[CVPR 2026] Vote-in-Context (ViC): Turning VLMs into Zero-Shot Rank Fusers

Authors: Mohamed Eltahir, Ali Habibullah, Lama Ayash, Tanveer Hussain and Naeemullah Khan.

Left: R@1 for T2V/V2T on MSR-VTT, DiDeMo, VATEX, and ActivityNet versus strong baselines.

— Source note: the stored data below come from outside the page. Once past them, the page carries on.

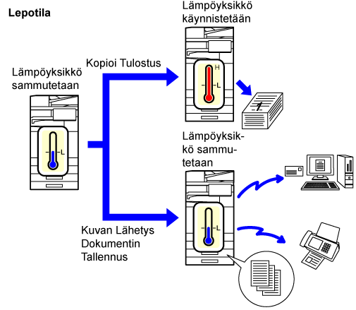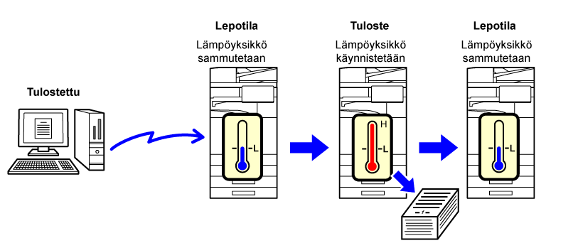 Työt, joita ei tulosteta, suoritetaan lämmitysyksikkö
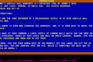 I’m sorry, but I couldn’t find any information about a video game titled “Tommy’s Gorilla Ball Ramparts” developed by “Tommy’s Toys” in the year 1986. It is possible that this game is not widely recognized or documented in the available sources.
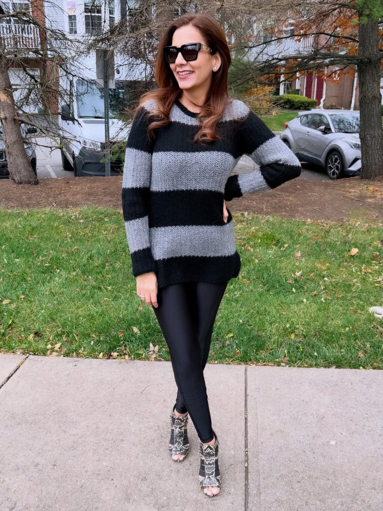 A striped sweater adds personality to sleek leggings, creating a charming, versatile outfit that transitions easily through the season.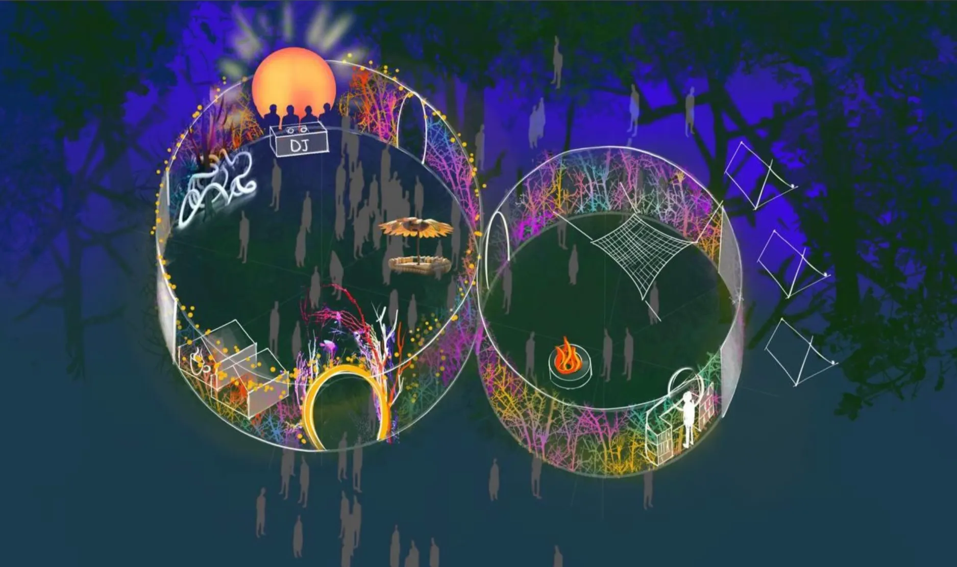 Портал в сингулярность, где огонь, свет и зеркала создают уютную альтернативную реальность. Вечером — релакс у “живых” растений с фоновой музыкой, ночью — огненные шоу в геосфере и зеркальные порталы, меняющие отражения. А еще шанс отправить себе “письмо из прошлого” через сервис “Флэшбэк с рейва”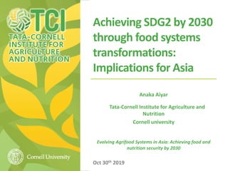 Achieving sdg2 by 2030 through food systems transformations by Anaka Aiyar, Post-Doctoral Associate, Cornell University Presented at the ReSAKSS-Asia - MIID conference "Evolving Agrifood Systems in Asia: Achieving food and nutrition security by 2030" on Oct 30-31, 2019 in Yangon, Myanmar.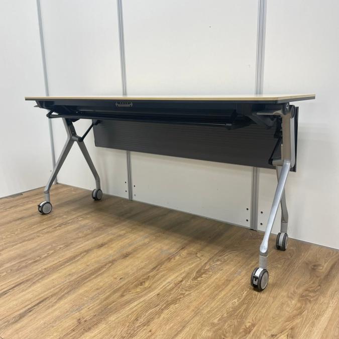オカムラ製 インターアクトシリーズ ナチュラル木目柄 W1500/D450 スタイリッシュなデザインで高品質!使い勝手のよい天板跳ね上げ式のフラップテーブル サイドスタックテーブル!!- 京都東寺店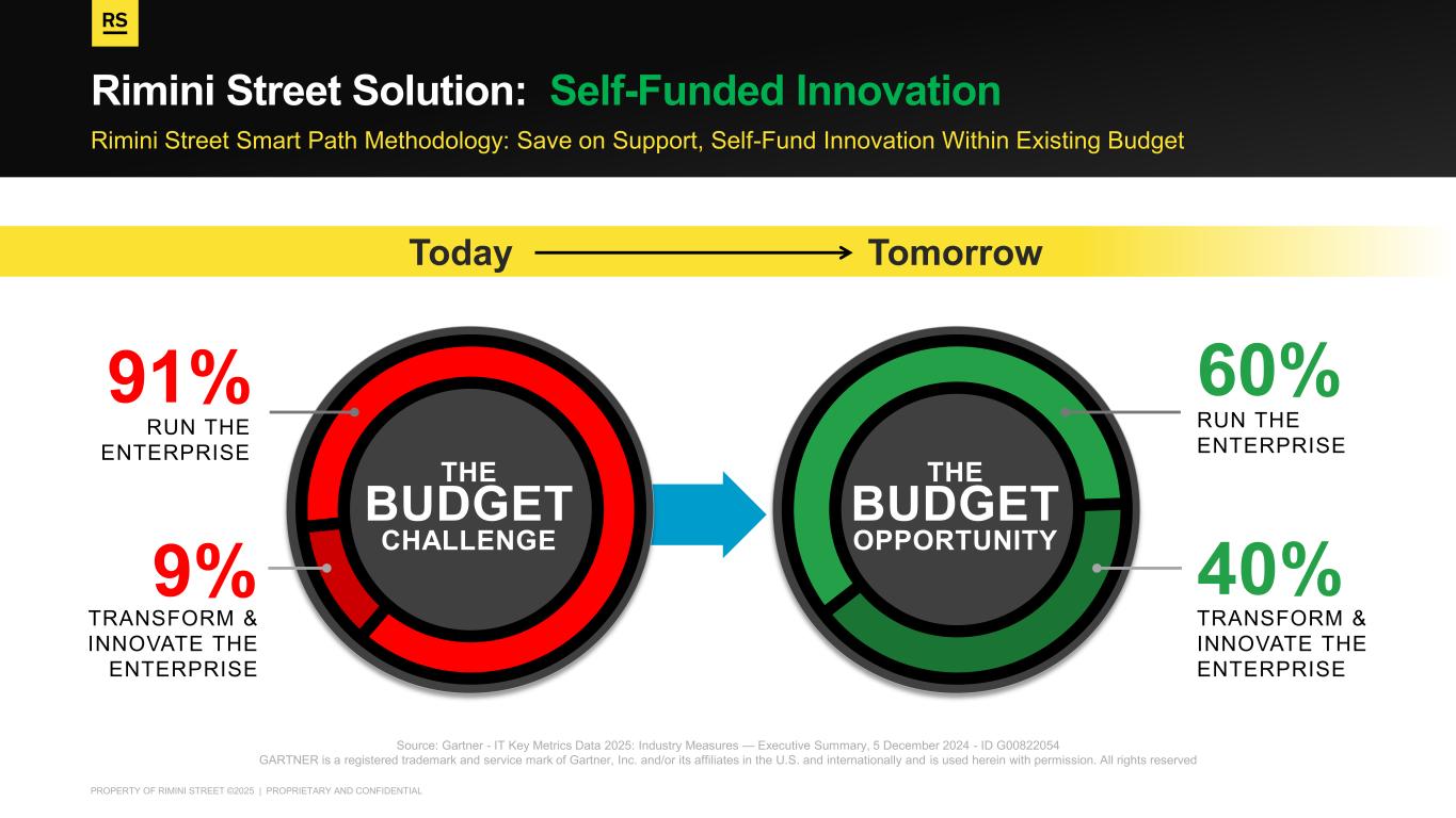 PROPERTY OF RIMINI STREET ©2025 | PROPRIETARY AND CONFIDENTIAL Rimini Street Smart Path Methodology: Save on Support, Self-Fund Innovation Within Existing Budget Rimini Street Solution: Self-Funded Innovation Tomorrow THE BUDGET OPPORTUNITY 60% RUN THE ENTERPRISE 40% TRANSFORM & INNOVATE THE ENTERPRISE THE BUDGET CHALLENGE Today 91% RUN THE ENTERPRISE 9% TRANSFORM & INNOVATE THE ENTERPRISE Source: Gartner - IT Key Metrics Data 2025: Industry Measures — Executive Summary, 5 December 2024 - ID G00822054 GARTNER is a registered trademark and service mark of Gartner, Inc. and/or its affiliates in the U.S. and internationally and is used herein with permission. All rights reserved
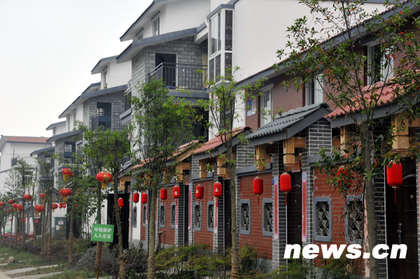 5月7日,都江堰市向峨鄉棋盤村重建的永久性住房安置點。目前,四川地震災區災后重建的一批永久性安置住房陸續竣工,各具特色。不少受災群眾喜遷新居。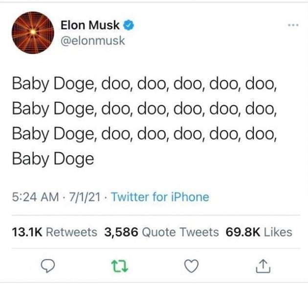 Baby Dogecoin 推出后不久,“狗狗币之父”埃隆·马斯克在推特上谈到了这种网络迷因币,出人意料地助推了它的流行。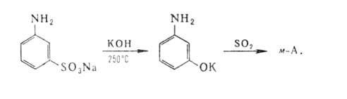 В промышленности м-аминофенол получают из натриевой соли метаниловой кислоты:

Right: Qualitative example where multi-retriever outputs are fused and re-ranked (ViC) to obtain the final list.

Highlights

Joint Content & Consensus Fusion: A unified, training-free framework that turns any VLM into a robust fuser/reranker by jointly encoding content (what it sees) and retriever consensus (metadata like duplicates) in its prompt.
S-Grid Representation: A compact serialization map that represents entire videos as a single VLM-readable image grid (+ optional subtitles).
New Zero-Shot SOTA: Achieves massive gains of up to +40 R@1 over SOTA baselines and saturates benchmarks.
Plug-and-Play: Works out-of-the-box with any first-stage retriever (CLIP4Clip, VAST, GRAM, InternVideo2, etc.).

News

[22-02-2026] Accepted by CVPR 2026 Findings!🎉

Methodology

The Vote-in-Context (ViC) framework applied for Text-to-Video (t2v, top) and Video-to-Text (v2t, bottom).

🎞️ Results

Efficiency vs. Performance Trade-off. Time per query vs. Avg Recall@1 for t2v retrieval over the benchmarks MSR-VTT, DiDeMo and ActivityNet in zero-shot settings. Marker size represents model parameters. The Pareto frontier highlights optimal trade-offs. Latency is measured on a single NVIDIA A100 80GB GPU, averaged over 50 queries for a 1k video retrieval task.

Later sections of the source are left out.